Baktım Tarsus stadının önündeyim.
Aklım erdiği kadar bu şehrin tarihi geldi aklıma.
Tarsus ‘ta bir Kaymakam varmış.
Adı Vala KURTİZ.
Tarsus’ta bir Futbol Stadı yapılacak.
Vala KURTİZ, kolları sıvamış.
Derler ki bu Kaymakam bir amele gibi çalışmış.
Yapılan stadın çok yakınında bir de Rasim Dokur Fabrikası var.
Bu stat yapılırken zeminine bu fabrikadan yanmış kömürleri getirin üstün döşeyin demiş ve döşendikten sonra üstüne toprak döşetmiş.
Efendim maksadı neymiş biliyor musunuz?
Yağmur yağdığı zaman stadın içine hiç yağmur suyu birikmezmiş.
Gerçektende birikmezdi.
Stadın çayırı da hep yeşil kalırdı.
O tarihte yaşayanlar şöyle anlatırlar.
Kaymakam Vala Kurt iz bir işçi gibi burada çalışırmış.

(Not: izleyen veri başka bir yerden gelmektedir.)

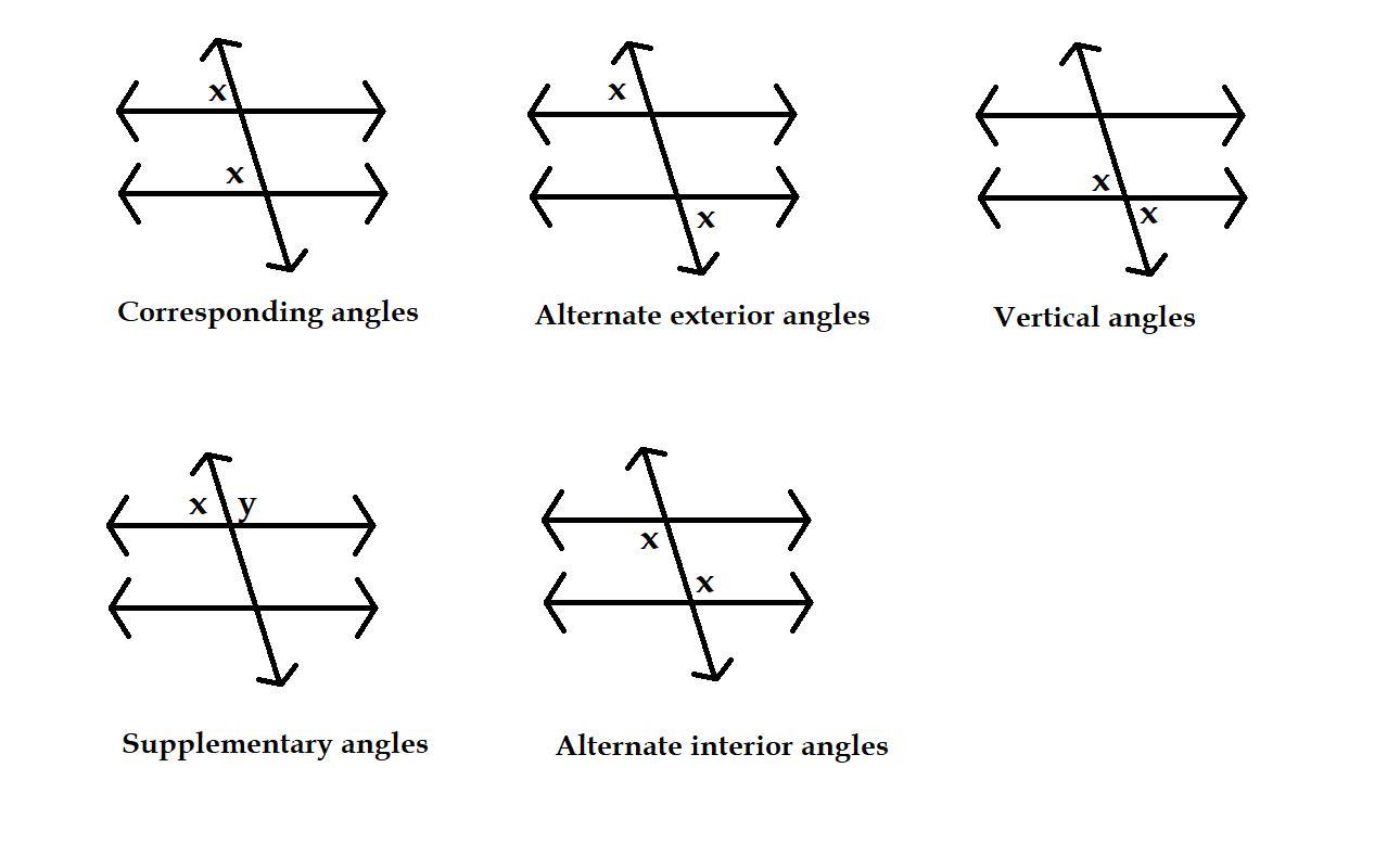 Alternating angles are congruent. Alternating angles are angles found on alternate sides of the intersecting line. You have interior alternating angles, so these are alternating angles inside the parallel lines, and you have exterior alternating angles, angles found alternating outside the parallel lines.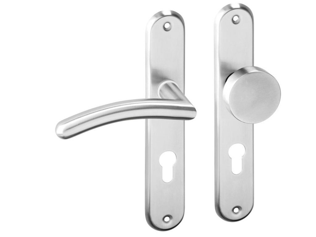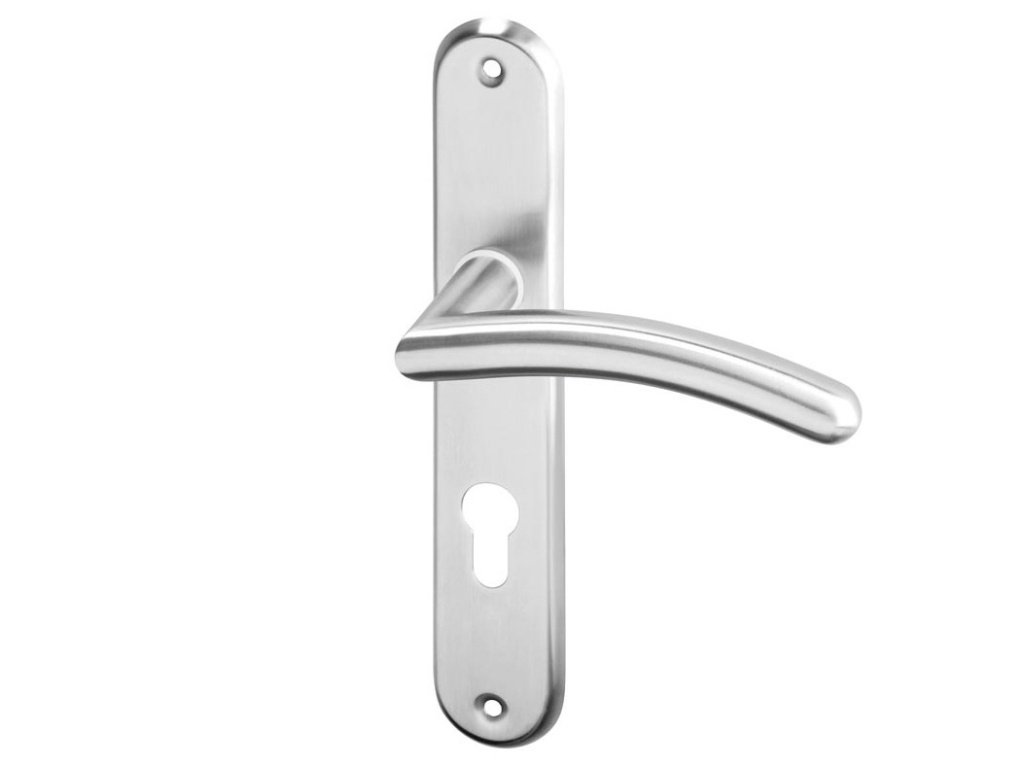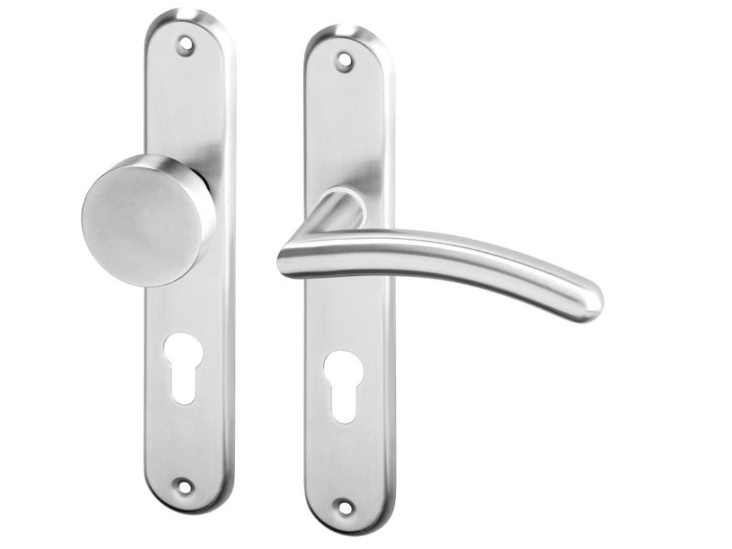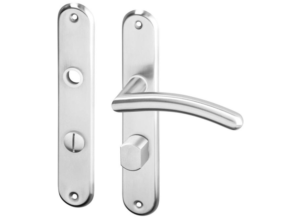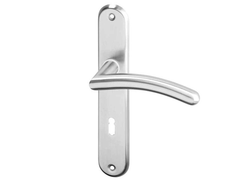 Moderní dveřní kování do interiéru - štítková klika oválná na dveře, materiál kliky je nerez AISI 304 s kvalitní nerezovou povrchovou úpravou. Rozteč 72 mm.

Tarsus stadının yıllarca içine su birikmezdi.
Efendi, yıllar sonra sordum.
Tarsuslu Atlet Hasan Ülkü (Arap Hasan) bu hatıratı bana anlamıştı.
Hasan Ülkü Tarsus Belediyesinde aynı zamanda başarılı bir muhasipti.
Her gelen müfettişler, teftişleri bittikten sonra Hasan Ülkü’ye takdir verirlerdi denilirdi.
Hasan Ülkü, aynı zamanda milli atletimizdi.
Mısırda kupa sahibi olmuş biriydi.
Tarsus stadının duvarına Belediye herkesin resmini yaptırdı ve Hasan Ülkü’nün, resmini yaptırtmadı.
Sordum ve el altından biri bana dedi ki.
Hasan Bey, CHP’li de ondan yaptırtmadı.
Hangi Belediye Başkanı?
Ben yazmak istemiyorum.
Bunları neden yazıyorum?
Herkes bilsin diye.
Mesela ben CHP’li olmadığım halde bunları yazıyorum.
Bu şehrin tarihini yazmak bizlerin borcudur.
Yazacak çok konular var.
Hep boş veriyoruz.
Evet, 23 NİSAN’da gezdim ve stadın etrafını gezince bunlar geldi aklıma.
Dolayısıyla Vala Kurtize bir de FATİHA okudum.
Bu şehrin siyasetçilerine de sesleniyorum.